• _YOUR GOAL_
Write out all records as given; omit images.

*** Opening TASK MATERIAL ***

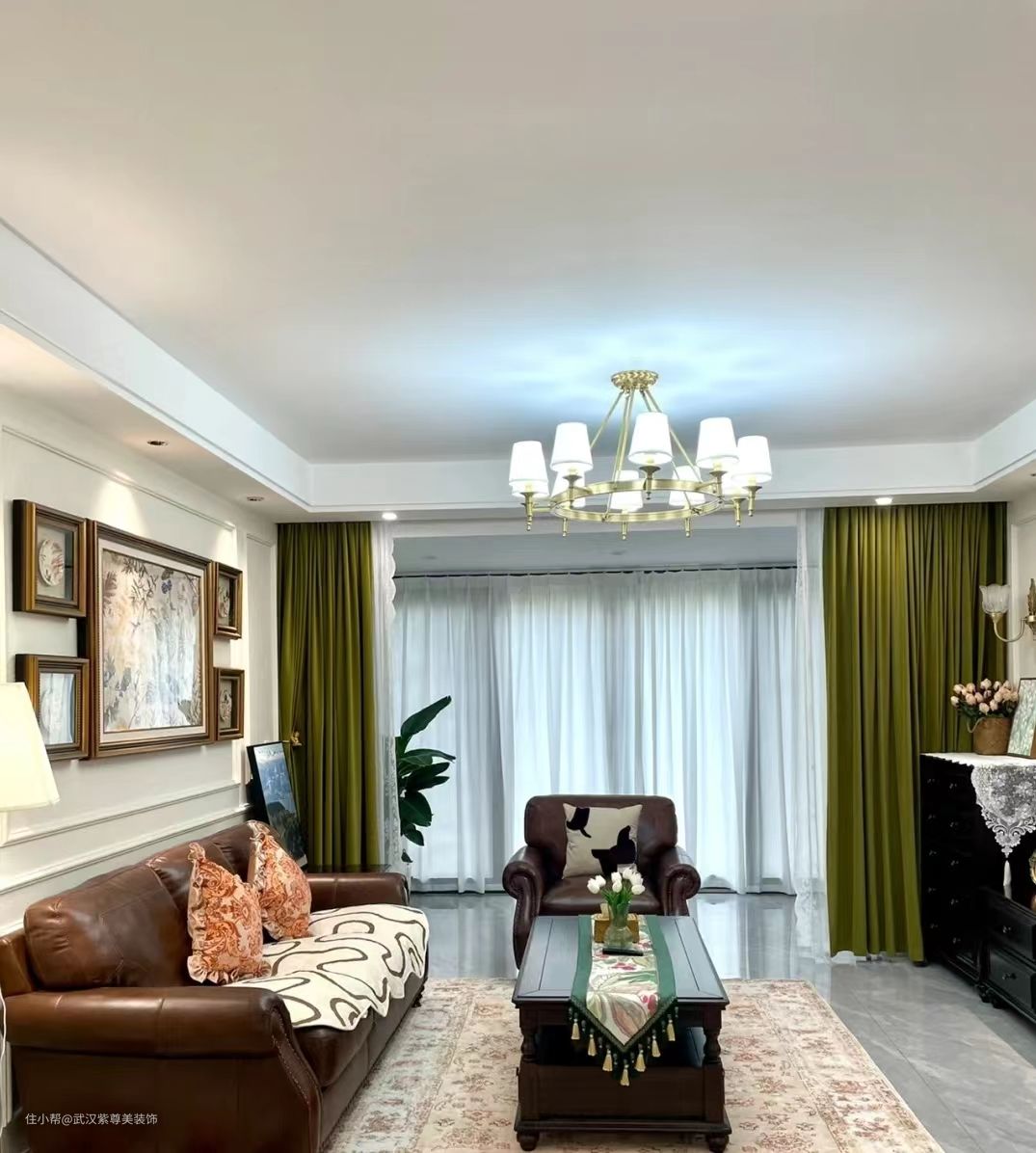 沙发背景墙用石膏线条设计简单的造型,凸显层次感,还有美式古典韵味的装饰画,古典的壁灯,美式皮质家具都凸显精致典雅的生活方式。
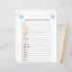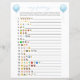 Deze dubbelzijdige gamekaart heeft twee verschillende versies van emoji pictionary op de voor- en achterkant en is ideaal voor een baby shower of baby-bestrooiing. Deze emoji pictionary baby shower game beschikt over een waterverf blauw ballon. Je gasten kunnen deze veel voorkomende zwangerschaps- en baby-gerelateerde zinnen oplossen door de emoticons te decoderen. ANTWOORDSLEUTEL: 1. Baby shower 2. Tweeling 3. Drieling 4. Mama wordt 5. Water breken 6. Hospital Baby Bag 7. Uiterste datum 8. Baby fles 9. Reis naar het ziekenhuis 10. Snijden van het snoer 11. In de oven 12. Geen alcohol 13. Meisje of jongen? 14. Zwangerschapsaankondiging 15. Baby Food 16. Hartbrand 17. Ochtendmisselijkheid 18. Vlinderzoenen 19. Baby 20. Hunkeren naar zwangerschap. Je gasten kunnen de namen van de kinderboeken en kinderrijmpjes oplossen door de emoticons te decoderen. ANTWOORDSLEUTEL: 1. Vijf kleine aapjes springen op het bed 2. De hoofdplaats is Twinkle Little Star 3. Het is de opvolger van Itsy Bitsy Spider 4. Regenboogvis 5. De hongerige rups 6. De leeuw, de heks en de garderobe 7. Hickory Dickory Dock 8. Ik spion 9. Groene eieren en ham 10. Winnie de Poeh 11. Charlotte's Web 12. Alice in Wonderland 13. Geef een muis een koekje 14. Hé Diddle Diddle 15. Er was een oude vrouw 16. Eén vis, twee vissen, rode vis, blauwe vis 17. Waar de wilde dingen zijn 18. Goudlokje en de drie Beren 19. De drie biggetjes 20. Old MacDonald had een Boerderij. U kunt dit ontwerp personaliseren door te klikken op "Deze sjabloon personaliseren" of als u het lettertype, de kleuren of de ontwerpelementen op een andere manier wilt wijzigen, kunt u klikken op "Bewerken met de ontwerptool".
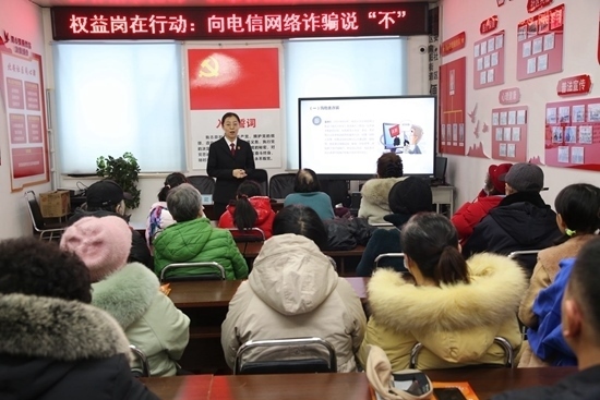 吉林省吉林市船營區(qū)人民法院在向陽街道北安社區(qū)開展“向電信網絡詐騙說‘不’”普法講座。
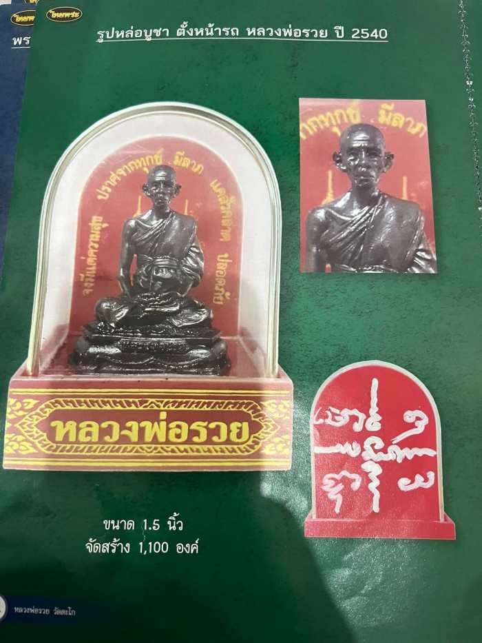 หลวงพ่อรวย วัดตะโก จ.อยุธยา พระบูชา 1.5" ตั้งหน้ารถ ปี 2540 หายาก มีจารด้านแผ่นหลัง
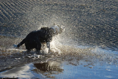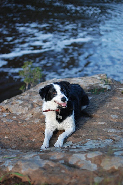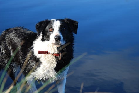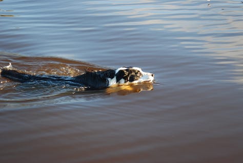 I like the small stories I’ve made with Alice over the past few years. The fact that we only get one round makes them all the more precious. The smell of spring or autumn on the tree-lined path near our house. Her tail in the air, the white flag at the tip signalling happiness. Her two triumphant barks when running down a ball in the yard. The sound of her small, bare paws pounding the earth as she gallops down the side paddock. Her love of water, so much so that we thought she might be part seal.
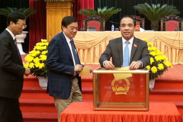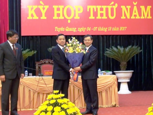 Tân Phó Chủ tịch UBND tỉnh Tuyên Quang khóa XVIII, nhiệm kỳ 2016 - 2021 Nguyễn Thế Giang (giữa) nhận hoa chúc mừng.
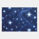 NIght sky filled with glowing stars and snowflakes in various sizes and styles. Set against a deep blue backdrop, the bright white and icy blue elements create a striking contrast. Wispy, wave-like light trails weave through the composition, adding motion and depth. The overall effect is magical and wintery—evoking a sense of wonder, serenity, and seasonal charm.
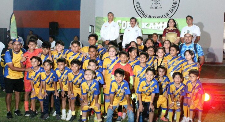 En el marco del fortalecimiento de la vinculación social y el impulso a la formación integral de la niñez y juventud, el rector de la Universidad Autónoma de Tamaulipas (UAT), Dámaso Anaya Alvarado, inauguró la Copa Kama’s de futbol la noche de este viernes 17 de abril en las instalaciones del Gimnasio Multidisciplinario Mante, espacio universitario que fungió como sede del evento.
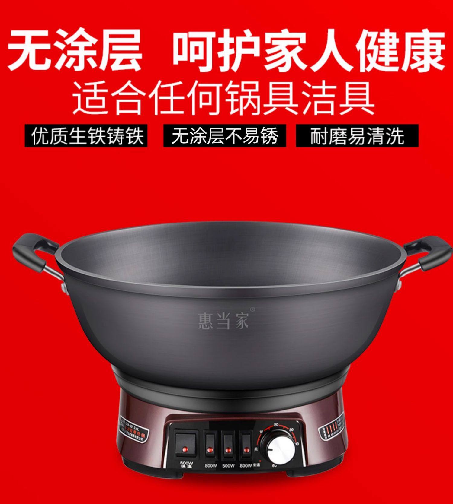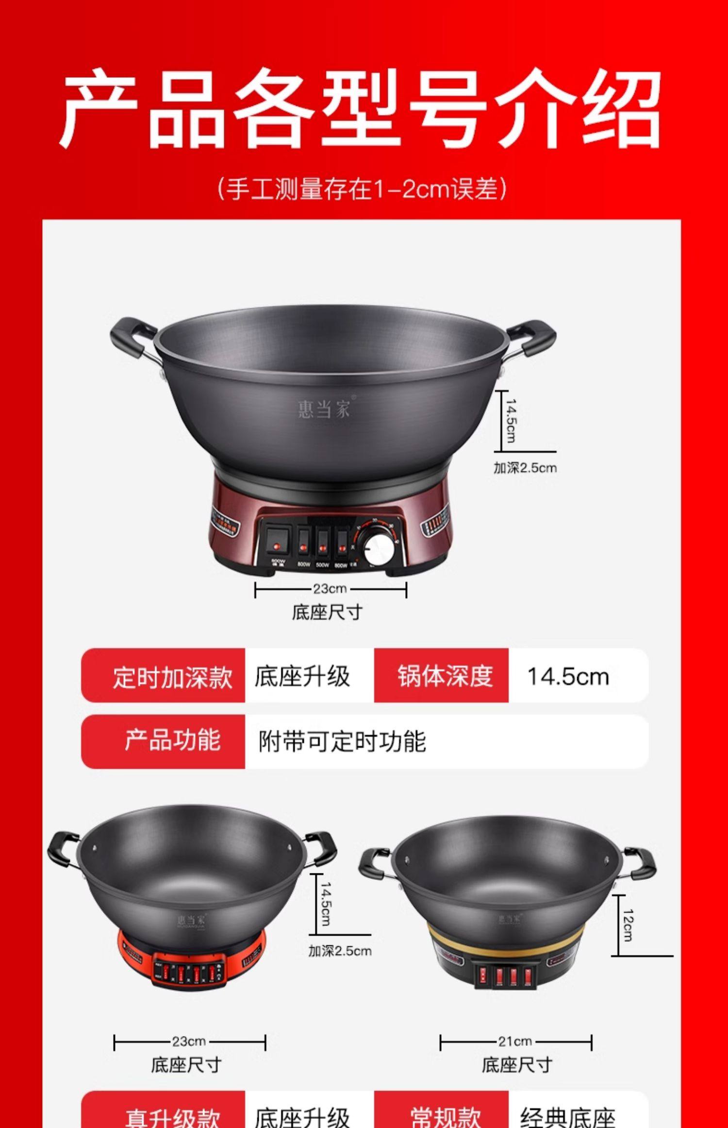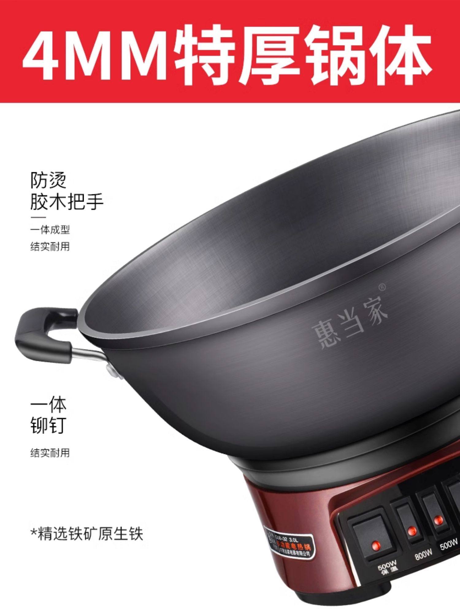 Huidangjia Multifunctional Electric Wok, Household Electric Cast Iron Wok, Stir-Fry All-In-One Non-Stick Pot, Hot Pot Cooking Pot
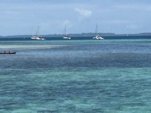 Boats in the Hoga Island anchorageThe snorkelling on the Hoga Island reef is spectacular. Even people who have dived on reefs all over the world were impressed with the vast variety of corals and the hordes of fish of every colour and pattern imaginable.
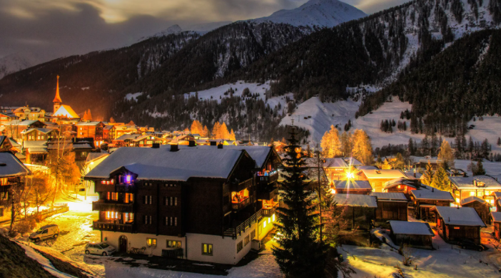Вечерний посёлок под горой.
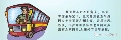 夏天开车时不可贪凉,冬天车窗最好紧闭,尤其要注意左半身,因左半身紧邻左侧车窗,容易进风。所以,不少开车多年的老司机大多患有左肩周炎、左腿关节炎等病症。
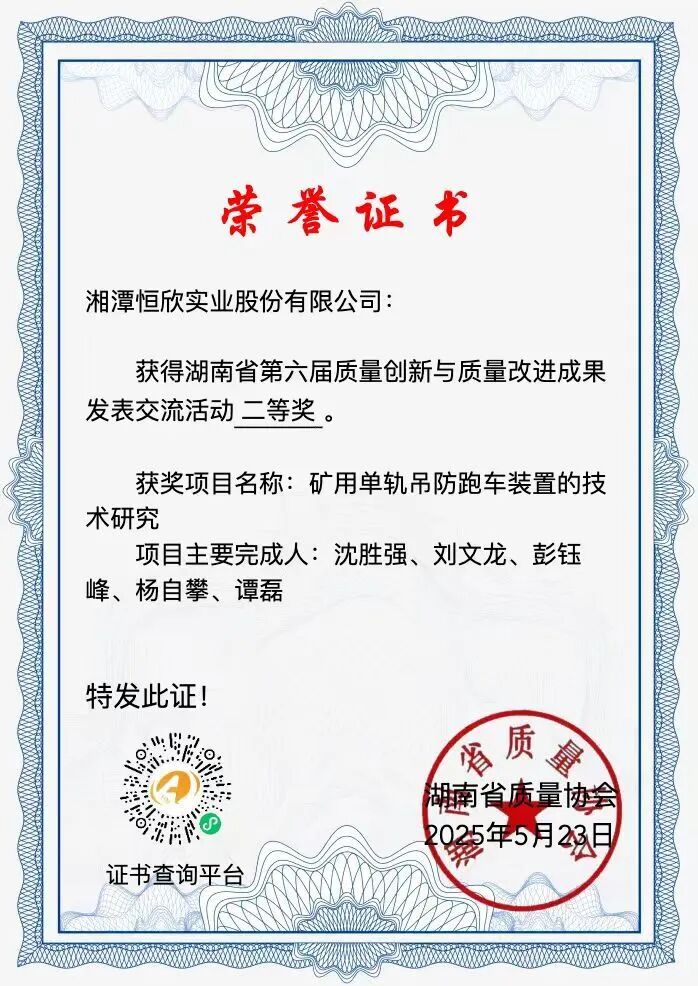 公司質(zhì)量管理工作亦在省級平臺上獲得高度認(rèn)可。在湖南省質(zhì)量協(xié)會第46次優(yōu)秀質(zhì)量管理小組表彰大會上,【恒欣股份】榮獲“湖南省第六屆質(zhì)量創(chuàng)新與質(zhì)量改進(jìn)成果”二等獎兩項,有軌QC小組獲“湖南省第46次QC小組成果二等獎”,充分體現(xiàn)了公司在質(zhì)量創(chuàng)新與實踐方面的綜合實力。
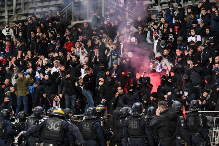 The game on Friday was stopped at half-time after fans fled onto the field as flares and smoke bombs were thrown around and fighting broke out in the stands at the Charlety stadium in Paris.
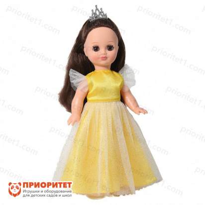 Говорящая кукла «Герда» – преданная подруга-принцесса для вашего ребенка. Необычный желтый наряд привлечет внимание даже отъявленного сорванца. Каждая девочка будет гордиться тем, что имеет такую красотку. Одежда куклы состоит из нарядного платья. Комбинация креп-сатина и органзы придают наряду воздушности и чего-то необычного. На ногах легкие туфельки, а на голове – величественная диадема.
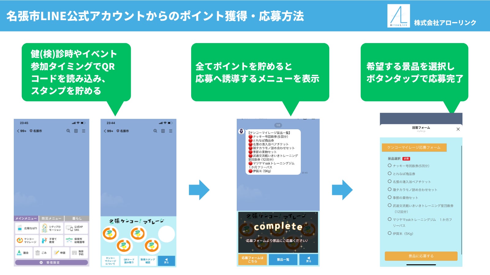 今まで、紙台紙のみで実施していた名張ケンコー!マイレージ事業ですが、公式LINEでもポイントが貯められるようにリニューアルしました。名張市LINE公式アカウントは、防災情報や観光情報など市の情報を得ることができます。様々な入口から、幅広い世代が健康づくり事業につながるようにLINEを活用していきたいと思います。
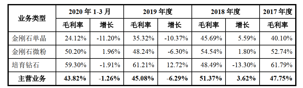 从各大产品分别来看,金刚石单晶毛利率下滑趋势较为显著,报告期内分别为40.10%、45.69%、35.32%和24.12%,尤其是自2018年后下降非常明显。而该部分收入占2019年主营业务收入的比重超4成,显示出其对整体毛利率下滑影响较大。

*** Closing TASK MATERIAL ***

• _SOLUTION FOR THIS PROBLEM_
 沙发背景墙用石膏线条设计简单的造型,凸显层次感,还有美式古典韵味的装饰画,古典的壁灯,美式皮质家具都凸显精致典雅的生活方式。
 Deze dubbelzijdige gamekaart heeft twee verschillende versies van emoji pictionary op de voor- en achterkant en is ideaal voor een baby shower of baby-bestrooiing. Deze emoji pictionary baby shower game beschikt over een waterverf blauw ballon. Je gasten kunnen deze veel voorkomende zwangerschaps- en baby-gerelateerde zinnen oplossen door de emoticons te decoderen. ANTWOORDSLEUTEL: 1. Baby shower 2. Tweeling 3. Drieling 4. Mama wordt 5. Water breken 6. Hospital Baby Bag 7. Uiterste datum 8. Baby fles 9. Reis naar het ziekenhuis 10. Snijden van het snoer 11. In de oven 12. Geen alcohol 13. Meisje of jongen? 14. Zwangerschapsaankondiging 15. Baby Food 16. Hartbrand 17. Ochtendmisselijkheid 18. Vlinderzoenen 19. Baby 20. Hunkeren naar zwangerschap. Je gasten kunnen de namen van de kinderboeken en kinderrijmpjes oplossen door de emoticons te decoderen. ANTWOORDSLEUTEL: 1. Vijf kleine aapjes springen op het bed 2. De hoofdplaats is Twinkle Little Star 3. Het is de opvolger van Itsy Bitsy Spider 4. Regenboogvis 5. De hongerige rups 6. De leeuw, de heks en de garderobe 7. Hickory Dickory Dock 8. Ik spion 9. Groene eieren en ham 10. Winnie de Poeh 11. Charlotte's Web 12. Alice in Wonderland 13. Geef een muis een koekje 14. Hé Diddle Diddle 15. Er was een oude vrouw 16. Eén vis, twee vissen, rode vis, blauwe vis 17. Waar de wilde dingen zijn 18. Goudlokje en de drie Beren 19. De drie biggetjes 20. Old MacDonald had een Boerderij. U kunt dit ontwerp personaliseren door te klikken op "Deze sjabloon personaliseren" of als u het lettertype, de kleuren of de ontwerpelementen op een andere manier wilt wijzigen, kunt u klikken op "Bewerken met de ontwerptool".
 吉林省吉林市船營區(qū)人民法院在向陽街道北安社區(qū)開展“向電信網絡詐騙說‘不’”普法講座。
 หลวงพ่อรวย วัดตะโก จ.อยุธยา พระบูชา 1.5" ตั้งหน้ารถ ปี 2540 หายาก มีจารด้านแผ่นหลัง
 I like the small stories I’ve made with Alice over the past few years. The fact that we only get one round makes them all the more precious. The smell of spring or autumn on the tree-lined path near our house. Her tail in the air, the white flag at the tip signalling happiness. Her two triumphant barks when running down a ball in the yard. The sound of her small, bare paws pounding the earth as she gallops down the side paddock. Her love of water, so much so that we thought she might be part seal.
 Tân Phó Chủ tịch UBND tỉnh Tuyên Quang khóa XVIII, nhiệm kỳ 2016 - 2021 Nguyễn Thế Giang (giữa) nhận hoa chúc mừng.
 NIght sky filled with glowing stars and snowflakes in various sizes and styles. Set against a deep blue backdrop, the bright white and icy blue elements create a striking contrast. Wispy, wave-like light trails weave through the composition, adding motion and depth. The overall effect is magical and wintery—evoking a sense of wonder, serenity, and seasonal charm.
 En el marco del fortalecimiento de la vinculación social y el impulso a la formación integral de la niñez y juventud, el rector de la Universidad Autónoma de Tamaulipas (UAT), Dámaso Anaya Alvarado, inauguró la Copa Kama’s de futbol la noche de este viernes 17 de abril en las instalaciones del Gimnasio Multidisciplinario Mante, espacio universitario que fungió como sede del evento.
 Huidangjia Multifunctional Electric Wok, Household Electric Cast Iron Wok, Stir-Fry All-In-One Non-Stick Pot, Hot Pot Cooking Pot
 Boats in the Hoga Island anchorageThe snorkelling on the Hoga Island reef is spectacular. Even people who have dived on reefs all over the world were impressed with the vast variety of corals and the hordes of fish of every colour and pattern imaginable.
Вечерний посёлок под горой.
 夏天开车时不可贪凉,冬天车窗最好紧闭,尤其要注意左半身,因左半身紧邻左侧车窗,容易进风。所以,不少开车多年的老司机大多患有左肩周炎、左腿关节炎等病症。
 公司質(zhì)量管理工作亦在省級平臺上獲得高度認(rèn)可。在湖南省質(zhì)量協(xié)會第46次優(yōu)秀質(zhì)量管理小組表彰大會上,【恒欣股份】榮獲“湖南省第六屆質(zhì)量創(chuàng)新與質(zhì)量改進(jìn)成果”二等獎兩項,有軌QC小組獲“湖南省第46次QC小組成果二等獎”,充分體現(xiàn)了公司在質(zhì)量創(chuàng)新與實踐方面的綜合實力。
 The game on Friday was stopped at half-time after fans fled onto the field as flares and smoke bombs were thrown around and fighting broke out in the stands at the Charlety stadium in Paris.
 Говорящая кукла «Герда» – преданная подруга-принцесса для вашего ребенка. Необычный желтый наряд привлечет внимание даже отъявленного сорванца. Каждая девочка будет гордиться тем, что имеет такую красотку. Одежда куклы состоит из нарядного платья. Комбинация креп-сатина и органзы придают наряду воздушности и чего-то необычного. На ногах легкие туфельки, а на голове – величественная диадема.
 今まで、紙台紙のみで実施していた名張ケンコー!マイレージ事業ですが、公式LINEでもポイントが貯められるようにリニューアルしました。名張市LINE公式アカウントは、防災情報や観光情報など市の情報を得ることができます。様々な入口から、幅広い世代が健康づくり事業につながるようにLINEを活用していきたいと思います。
 从各大产品分别来看,金刚石单晶毛利率下滑趋势较为显著,报告期内分别为40.10%、45.69%、35.32%和24.12%,尤其是自2018年后下降非常明显。而该部分收入占2019年主营业务收入的比重超4成,显示出其对整体毛利率下滑影响较大。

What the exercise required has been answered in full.